New bill means bigger donations can go undeclared

QUEENSLAND state politicians will no longer have to declare donations when they reach $1000 with new laws now pushing that trigger beyond $12,000.

The LNP Government was expected to pass its Electoral Reform Bill overnight, despite minor parties and independents warning it risks giving major parties more cash.

Members of Katter's Australian Party, Palmer United Party plus independent Peter Wellington spoke to reporters on Thursday to criticise the changes.

They said Labor and LNP will be the major winners from changes that would have taxpayers fund "policy development funding" for political parties based on their electoral strength.

Sunshine Coast independent member for Nicklin Peter Wellington said the reforms showed how "rattled" the government was in the lead-up to the 2015 election.

KAP member for Mt Isa Rob Katter said the reforms ignore the more than 500,000 Queenslanders who refused to vote for the two major parties in 2012.
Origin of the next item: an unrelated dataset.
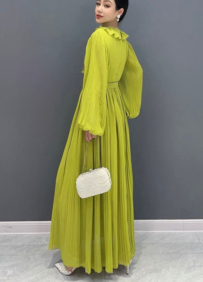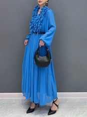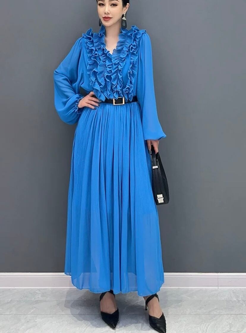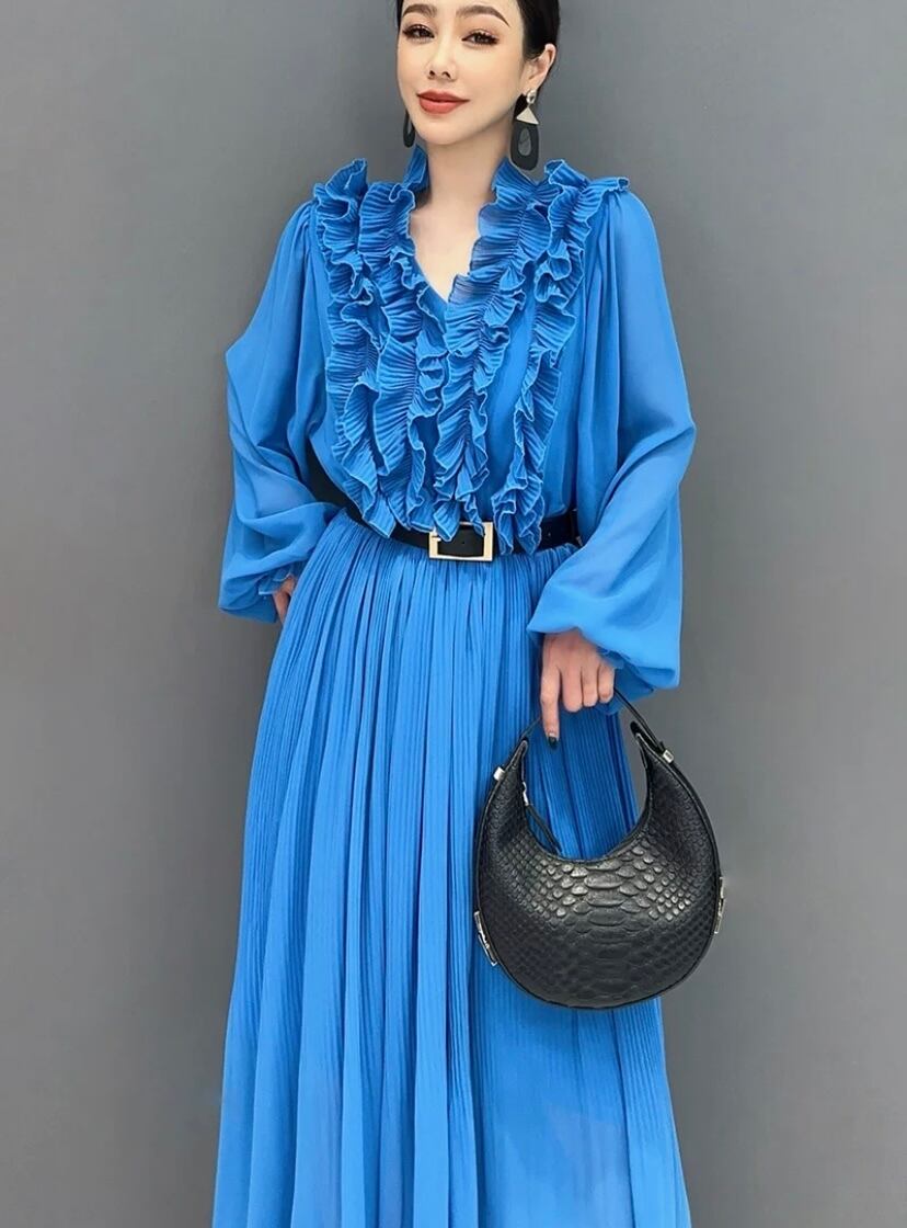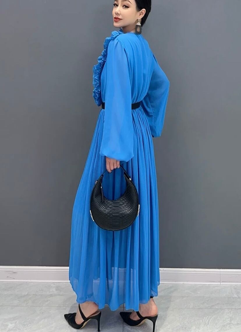 黄色 水色 ブラウス 紫 リボン マキシ ワンピース エレガント XL

He said allowing politicians to keep donations under $12,400 secret "will increase secrecy and possible corruption around political donations.
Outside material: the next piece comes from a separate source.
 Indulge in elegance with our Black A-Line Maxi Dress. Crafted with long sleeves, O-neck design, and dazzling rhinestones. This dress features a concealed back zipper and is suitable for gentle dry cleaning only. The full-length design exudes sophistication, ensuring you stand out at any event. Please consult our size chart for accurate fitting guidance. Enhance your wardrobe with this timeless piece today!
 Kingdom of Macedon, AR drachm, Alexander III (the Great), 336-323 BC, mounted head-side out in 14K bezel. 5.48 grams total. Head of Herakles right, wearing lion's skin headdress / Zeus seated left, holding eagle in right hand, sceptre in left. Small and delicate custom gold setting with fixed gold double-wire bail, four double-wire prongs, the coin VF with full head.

"It is to benefit of larger corporate-type donors who are not as commonly associated with minor parties," he said.

Attorney-General Jarrod Bleijie said the changes would bring Queensland in line with Federal legislation.
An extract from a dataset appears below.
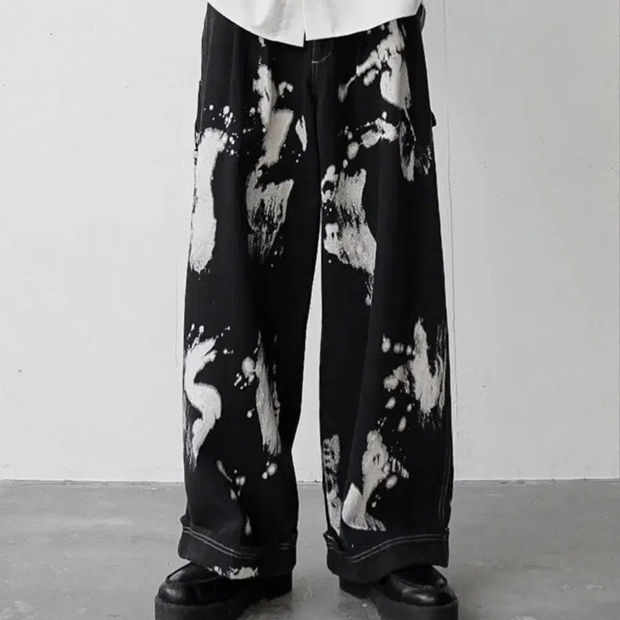 밑단의 볼륨과 랜덤한 페인트로 독특한 분위기를 연출했습니다.
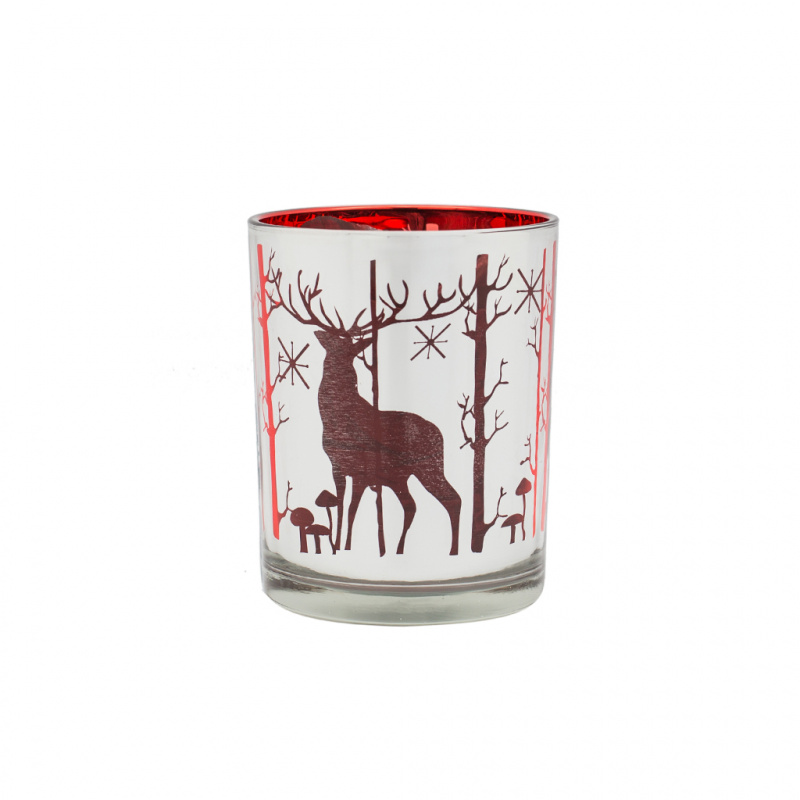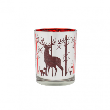 Описание Свічник скло НГ срібно-червоний Олень 10 * 12 см

He said advice from Crown Law suggested the former legislation could be ruled invalid by the High Court.

He said the incredible increase to the disclosure threshold would from now on be determined at a Federal level.

If the Commonwealth drops its threshold, the changes will flow on here.

"We would certainly support them lowering it," he said.

When considered by the Legal Affairs Committee headed by Ipswich MP Ian Berry, it backed the increase.

In its report, it wrote the low trigger "creates administrative burden for no worthwhile gain."